A while back, we wrote about the last two speakers of Mexico’s Ayapaneco language. Although the two elderly gentlemen, Manuel Segovia and Isidro Velazquez, share a native language, they haven’t spoken in decades.

Now, a new documentary, Lengua Muerta, will preserve the sounds of the language indefinitely.

Director Denisse Quintero told Fox News that at the moment, Ayapaneco, also called Ayapa Zoque, is the world’s most endangered language:

“We’re beginning to investigate and we’re discovering that it is the language that is vanishing most rapidly in Mexico and worldwide. It’s the one with the fewest speakers, just two, and they’re elderly. When they die, it will practically cease to exist.”

Producer Laura Berron admitted that saving the language is impossible at this point, but told Fox that she thought it was important to preserve a record of it anyway:

“It’s not a rescue, but rather it consists of creating an audiovisual registry, a memory, so that other generations can have access to it, given that it’s very difficult to rescue the language.”

The only tiny glimmer of hope for the language is Manuel Segovia’s 30-year-old son. Named after his father, he is also trying to carry on with the Ayapaneco language. However, he didn’t learn it as a child so it’s difficult now.

Social stigma was the main thing that drove Ayapaneco to its grave, Segovia’s son told the Latin American Herald Tribune:

“When this language is spoken many people make fun of it or give it nicknames, or they even tell you that only Indians speak that language, and here the word Indian for some people is an insult, a symbol of humiliation.”

The producers hope that Lengua Muerta can be shown as a sort of cautionary tale to indigenous communities facing similar challenges, to inspire them to value their own culture more highly before it becomes too late.

Oaxaca Indigenous Language

The state of Oaxaca is home to 53 percent of Mexico’s indigenous population. Approximately 1,091,502  people in Oaxaca speak an indigenous language in addition to, or instead of, Spanish.
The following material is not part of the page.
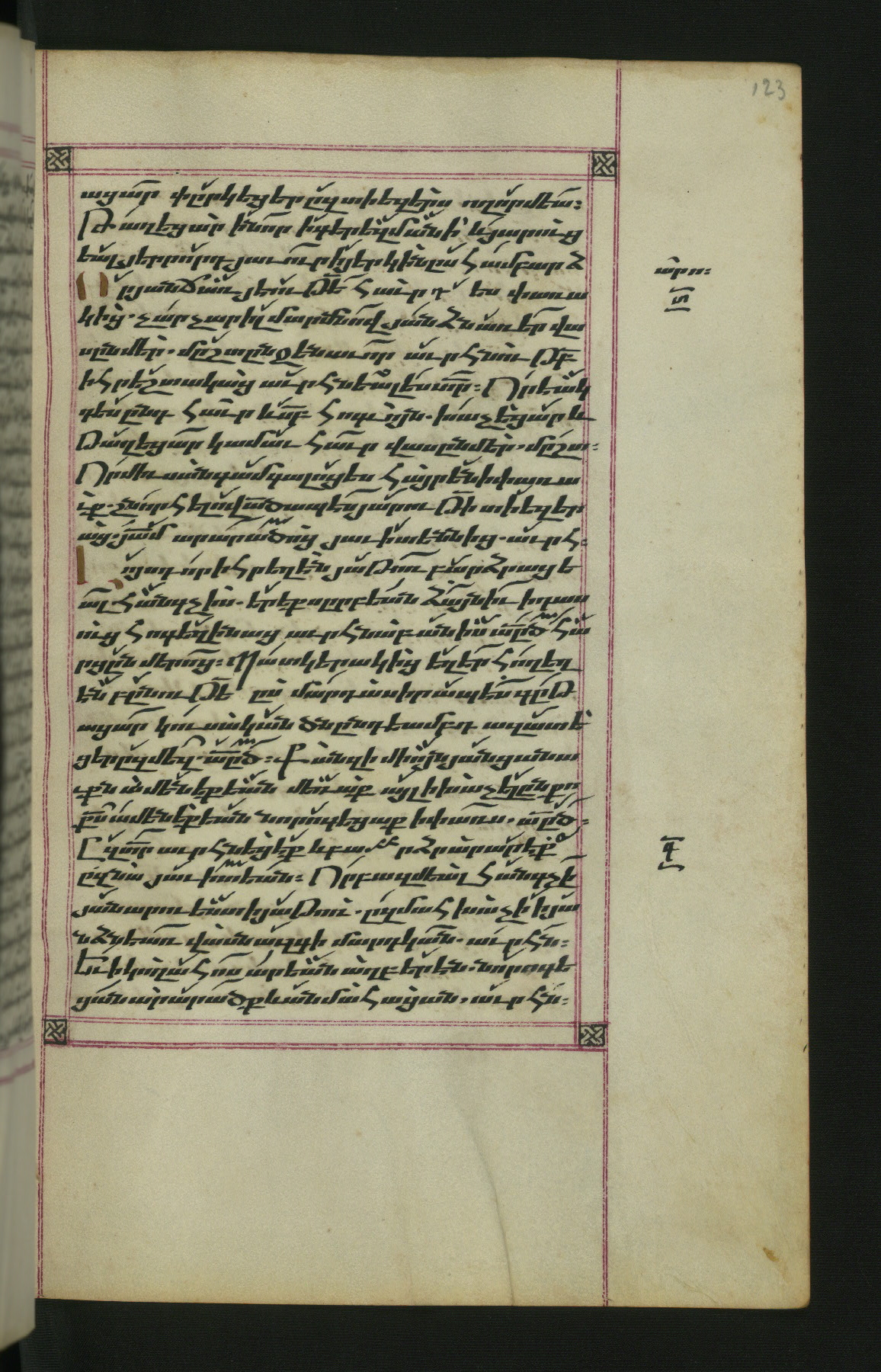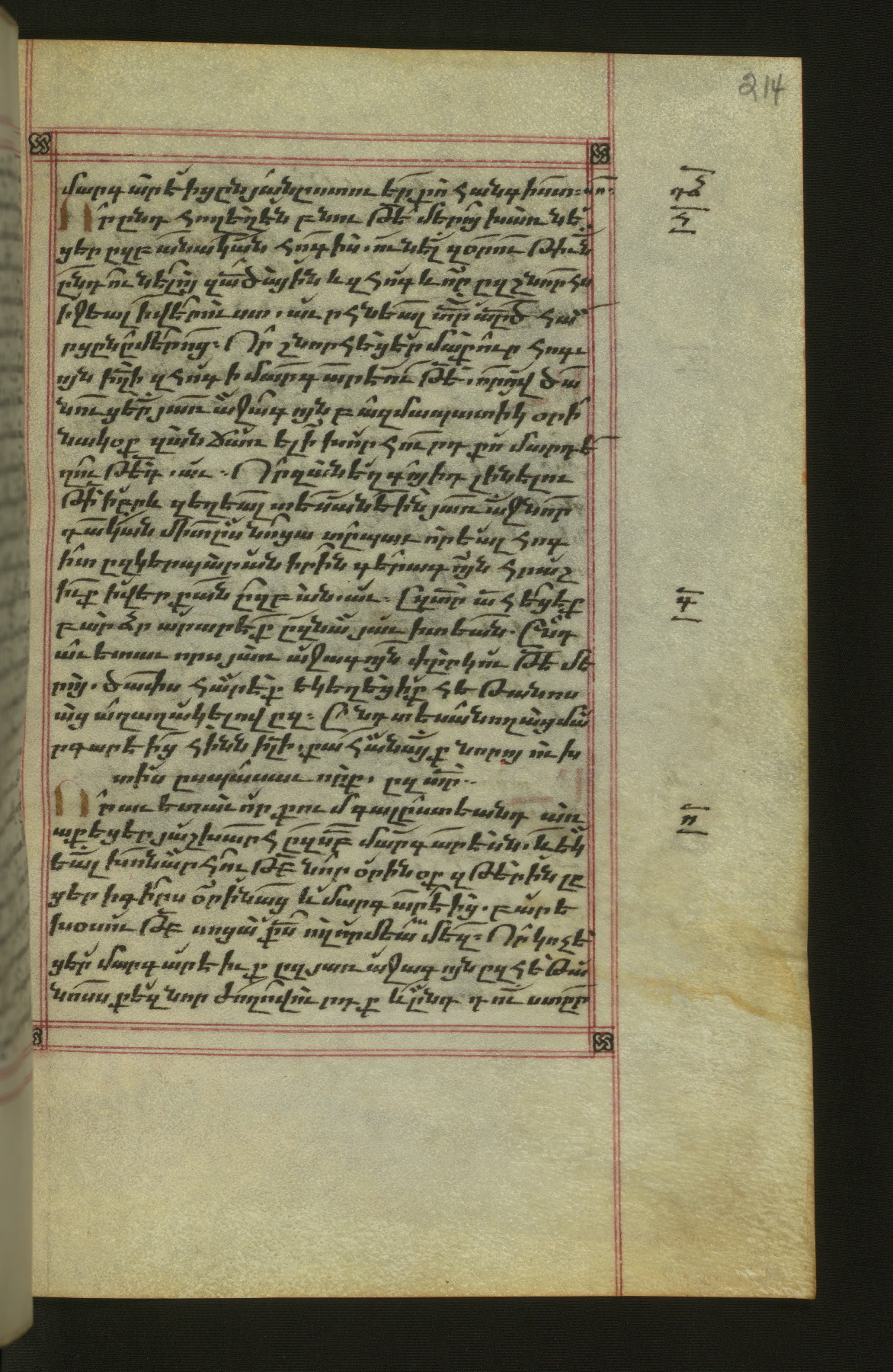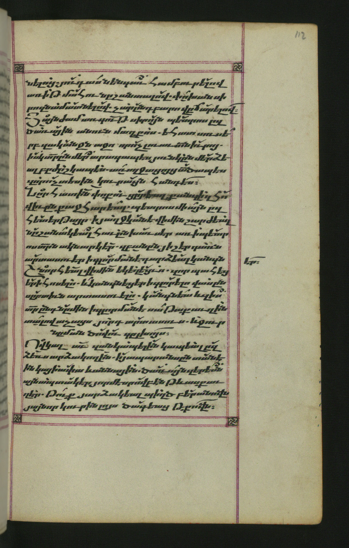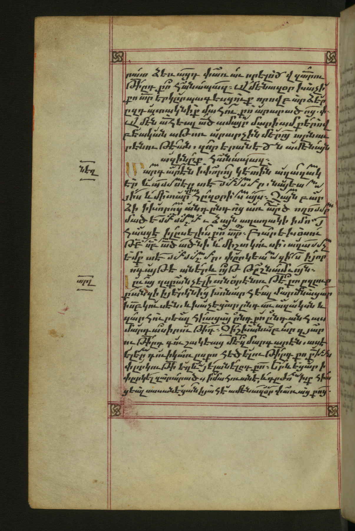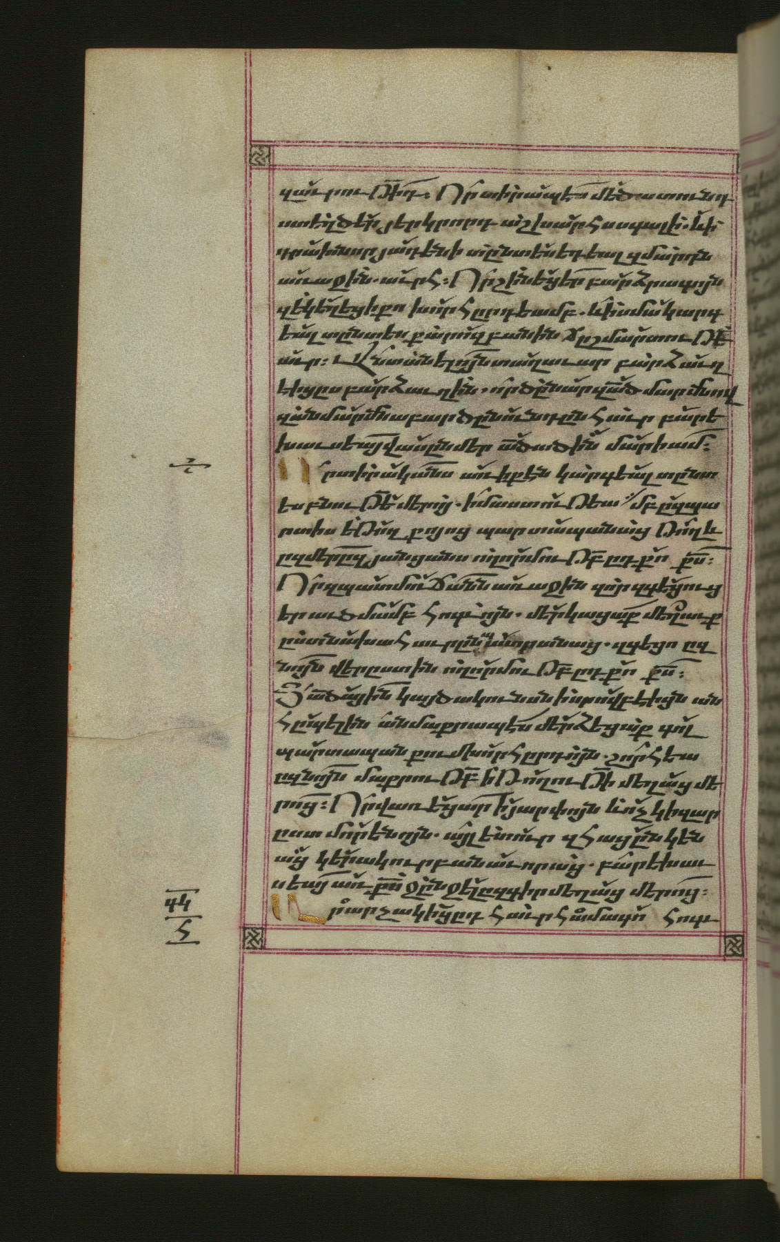 This hymnal was completed in Constantinople on August 15, 1678 [AE 1127], by the priest Yakob Pēligratc‘i, having been commissioned by Člav, son of Nawasard, as a dedication to his sons, Astuacatur and Sahak. The structure of the hymns adheres approximately to the standard Armenian hymnal (Շաբակնոց), with minor variations in order and a few substitutions (see Sanjian in the bibliography). The book is illuminated extensively, with thirty-eight full- and half-page polychrome miniatures against gold backgrounds, eight decorated head-pieces marking the principal divisions of the hymnal, and numerous marginal miniatures marking individual hymns, including biblical figures, saints, bishops, and vignettes. The style of the miniatures is largely in imitation of western European models, though more traditional Armenian and Byzantine influences stand out, such as the vibrant color palette, an iconic frontality for depictions of saints and bishops, and the highly abstracted floral motifs and zoomorphic incipits marking hymn divisions.

The native people of this region have clung fiercely to their ancient traditions and cultures, assisted by the rugged, mountainous terrain that has historically shielded them somewhat from the outside world.

In the past, indigenous Oaxacan parents often chose to home school their children, teaching them practical skills and traditional arts and crafts, rather than send to schools where they would be taught exclusively in Spanish. However, a recent article from the Guardian points out that this strategy is no longer working, and has in fact become counterproductive:

“Self-sufficiency is the historic norm in Oaxaca, but in recent decades as rural life has become increasingly entretejidos – interwoven – with the modern market economy, Zapotec children who have not gone to school are finding themselves on the wrong side of an urban-rural education divide that excludes them from employment and contributes to deepening poverty.”